Mon 17 Mar 2014  @ 9:12am
Van Wilson
History

Leak And Thorp
Leak And Thorp: many of the staff lived on the premises. Photograph: York Libraries & Archives

York’s premier shopping street was home to some colourful characters down the ages, as Van Wilson explains

In 1150 Coney Street, the main street in York, was called Cuningstrete, the King’s Street. It ran from Ousegate right to the Museum Gardens. By the 18th century it was the site of the seat of government in the city, with the Guildhall and the Mansion House in pride of place.

But it was in the 19th century that it became a shopping centre par excellence, with high class fashion establishments, costumiers, furriers, milliners, linen drapers, pianoforte warehouse, bookshops and jewellers, as well as the home of York’s first department store, Leak and Thorp which opened in 1869.

Before Leak and Thorp was destroyed by fire in 1933 (though rebuilt by the following year), many of the assistants and maids lived on the premises.

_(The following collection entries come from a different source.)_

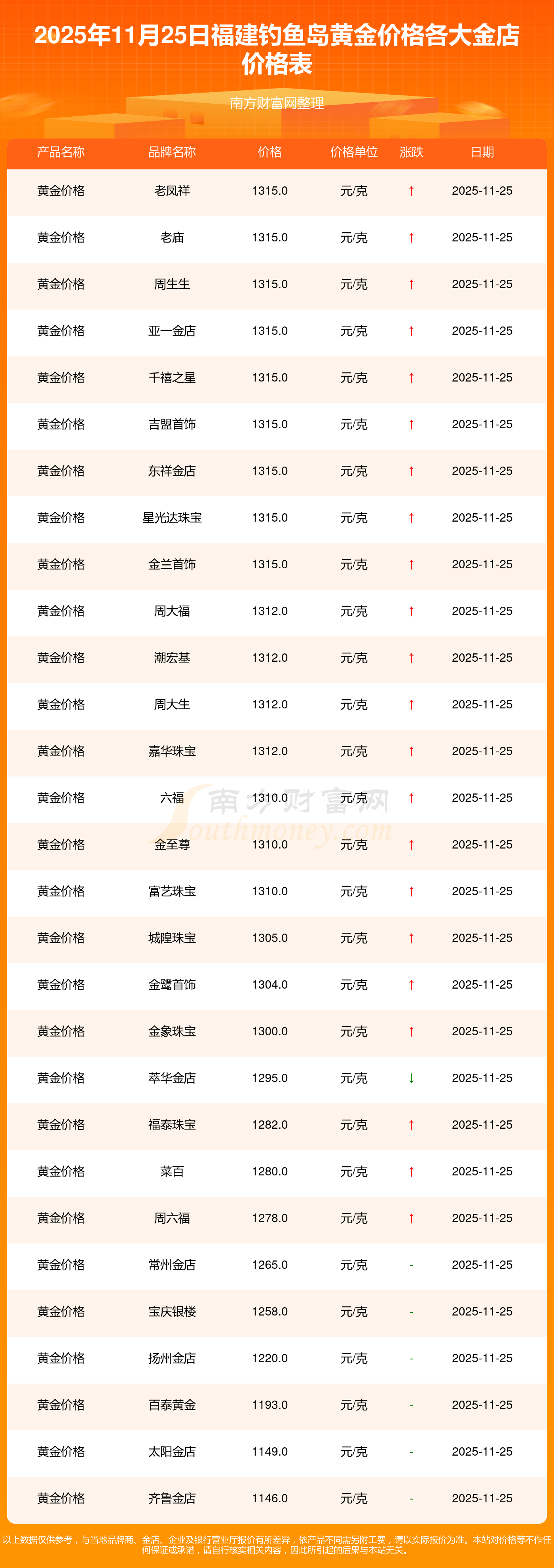 2025年11月25日,福建釣魚島周大福、周大福、周大福、周大福、周大福、周大福、周大福、老鳳祥、老鳳祥、老鳳祥、周六福等各大金店品牌黃金價格今日價格如下:周大福1312.0元/克、周大福627.0元/克、周大福1312.0元/克、周大福45780.0、周大福17900.0、周大福41290.0、周大福1148.0元/克、老鳳祥1315.0元/克、老鳳祥600.0元/克、老鳳祥1315.0元/克、周六福1278.0元/克。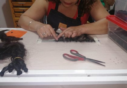 Con cabellos donados en bolsas de papel, a veces con tiernas dedicatorias, las Damas de Fucsia aprovechan el espacio y aprendizaje cedido por un solidario local para elaborar elementos que traerán más de una sonrisa.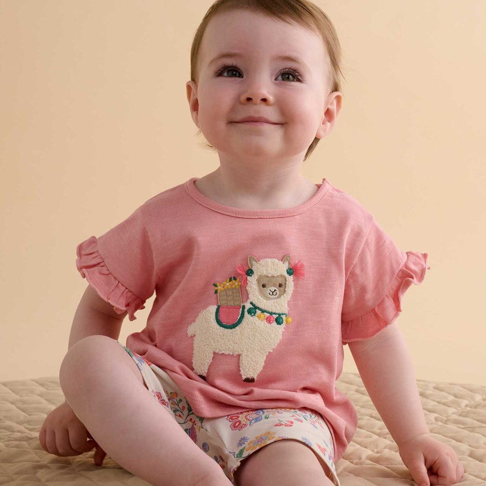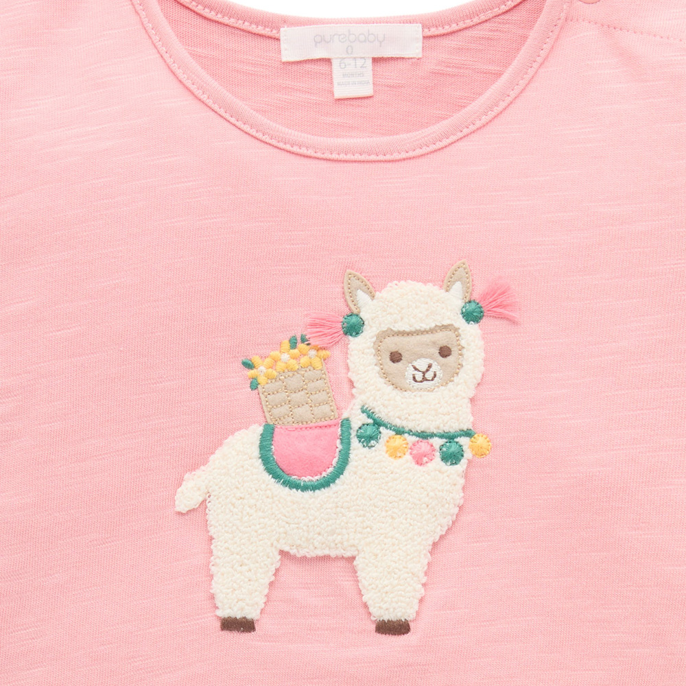 【產品描述】 ◆100%有機棉針織布料,質地略帶粗紡紋理 ◆安心面料 ,材質柔軟又舒適 ◆寬鬆A字版型,荷葉袖 ◆胸前可愛羊駝貼布繡

Whilst the fire was raging they told reporters that they had lost their jobs and most of their possessions but were particularly concerned about the welfare of the two store cats, Spats and Teddy.

Alan Powell who worked at Border’s family grocers and Italian warehousemen, recalls:

Tea was loose – they blended their own, and there was Indian and Ceylon. They ground their own coffee.

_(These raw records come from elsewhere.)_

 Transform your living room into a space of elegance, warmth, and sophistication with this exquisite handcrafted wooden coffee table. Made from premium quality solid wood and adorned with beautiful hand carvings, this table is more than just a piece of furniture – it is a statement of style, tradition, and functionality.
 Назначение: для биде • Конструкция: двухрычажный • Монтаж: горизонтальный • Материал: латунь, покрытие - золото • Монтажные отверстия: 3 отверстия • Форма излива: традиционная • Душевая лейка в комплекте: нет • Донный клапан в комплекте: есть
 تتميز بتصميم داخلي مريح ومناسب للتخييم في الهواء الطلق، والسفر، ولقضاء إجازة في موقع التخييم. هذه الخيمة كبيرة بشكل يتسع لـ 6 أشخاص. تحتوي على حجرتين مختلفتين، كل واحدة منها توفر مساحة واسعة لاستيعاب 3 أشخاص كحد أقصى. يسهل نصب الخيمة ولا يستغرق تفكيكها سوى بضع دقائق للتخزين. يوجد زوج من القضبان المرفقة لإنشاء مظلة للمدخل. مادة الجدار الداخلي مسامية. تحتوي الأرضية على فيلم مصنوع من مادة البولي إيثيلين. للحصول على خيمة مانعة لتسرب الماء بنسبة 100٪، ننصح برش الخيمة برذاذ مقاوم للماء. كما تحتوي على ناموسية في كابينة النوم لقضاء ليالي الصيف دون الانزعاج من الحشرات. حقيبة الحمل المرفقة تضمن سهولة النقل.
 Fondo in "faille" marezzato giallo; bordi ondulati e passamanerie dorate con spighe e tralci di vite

The green beans came in sacks and a chap called Kenny roasted them. There was a wire net cage of fine mesh and the fresh bacon would hang in there. The air kept it cool and dry and it was fly proof.

At Christmas we had a display of Chinese figs, muscatel raisins and French glace fruit and we’d get Tom Smith’s crackers (the man who invented them). They were gorgeous, absolute works of art.

An advert for family grocers S Border & Co
An advert for family grocers S Border & Co

John Avison was a reporter at the Yorkshire Evening Press and loved the variety of the job.

In 1970 at the height of the troubles, I was sent to Belfast and found myself in an armoured personnel carrier going into a fiercely republican area. The vehicle was fire bombed and I was crouching in the back clutching my pen and notebook.

By contrast I remember watching open mouthed as a Yorkshire vicar’s wife stood in as a human target for a circus knife thrower, to raise money for the steeple fund.

On one occasion I had to cover ‘The Exorcist’ at the ABC in Piccadilly, a controversial horror film. I remember walking back through the labyrinthine corridors of the office in Coney Street. The building could be quite spooky at night.

I was tapping away merrily and my finger slipped between the keys, my wedding ring got jammed and with my free hand I had to reach the phone and dial 999 to get the fire brigade to release me from the typewriter.

John Avison in the Yorkshire Evening Press newsroom
John Avison in the Yorkshire Evening Press newsroom

The Willow Café, now a late night bar and disco, was at one time a tearoom. John Avison’s mum and dad did their courting there.

There was a very strict waitress who was given the nickname Major Booth. If she caught a courting couple holding hands over the table, she would rap them over the knuckles with a stick, very strict.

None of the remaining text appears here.